By Dale Chu
A new white paper on assessment innovation, Modernizing Measurement, argues that advances in technology and artificial intelligence have made traditional statewide summative tests increasingly obsolete. The paper—commissioned by Amira Learning and written by Whiteboard Advisors—calls for a shift toward “dynamic assessment” systems that are embedded into instruction, provide real-time feedback, and generate continuous data on student learning.
While the paper focuses more on policy and context than on tools (more in the final paragraph below), it cites the through-year assessment efforts of Maine, Delaware, Louisiana, and Montana among others as an exemplar, and is bullish about moving beyond a single summative exam. The idea seems to be to bundle the constellation of assessment experiments underway under a single modernizing label, as though placing the word “dynamic” in front of assessment resolves longstanding tradeoffs.
It does not.
Traditional statewide summative tests certainly have limitations. Results often arrive too late to shape classroom instruction, and the focus on reading and math has arguably led to a narrowing of the curriculum in many schools.
But the paper’s treatment of summative assessments borders on caricature.
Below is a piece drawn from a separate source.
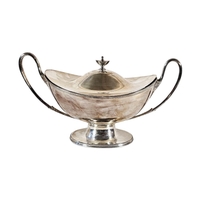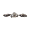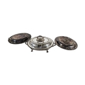 To include a dish with chased foliate decoration and detachable handle, two further lidded serving dishes, and a pierced circular gallery basket.

For starters, we are told that these tests are “primitive,” “instructionally inert,” and have “consumed billions of dollars.” Left unsaid is that statewide assessments typically cost states somewhere in the neighborhood of $25 to $35 per student annually—pennies on the dollars in the context of overall K-12 spending, and comparable to what districts already pay for a single high-quality ed-tech platform. The claim that testing is a major cost driver simply doesn’t hold up under even basic per pupil scrutiny.
This matters because many of the testing burdens educators experience today do not primarily stem from annual state tests themselves. They come instead from a sprawling ecosystem of diagnostics, benchmarks, interventions, and platform-based assessments that districts have layered on top of federal and state requirements. Ironically, many of those tools were developed by the same broader assessment and ed-tech ecosystem now arguing that testing has become too burdensome.
To be fair, some of the technological advances described in the paper are real. Adaptive testing, AI-supported scoring, and more sophisticated growth measures may well improve parts of the assessment landscape. States should absolutely explore ways to make measurement more meaningful. But innovation requires clarity, not buzzwords. Right now, dynamic assessment feels less like a clearly defined category and more like an aspirational branding exercise.
The paper closes by teasing a forthcoming Part II that promises a deeper look at what dynamic assessment looks like in practice. That’s welcome news. Because before states embrace dynamic assessment, it would be helpful to know exactly what it is.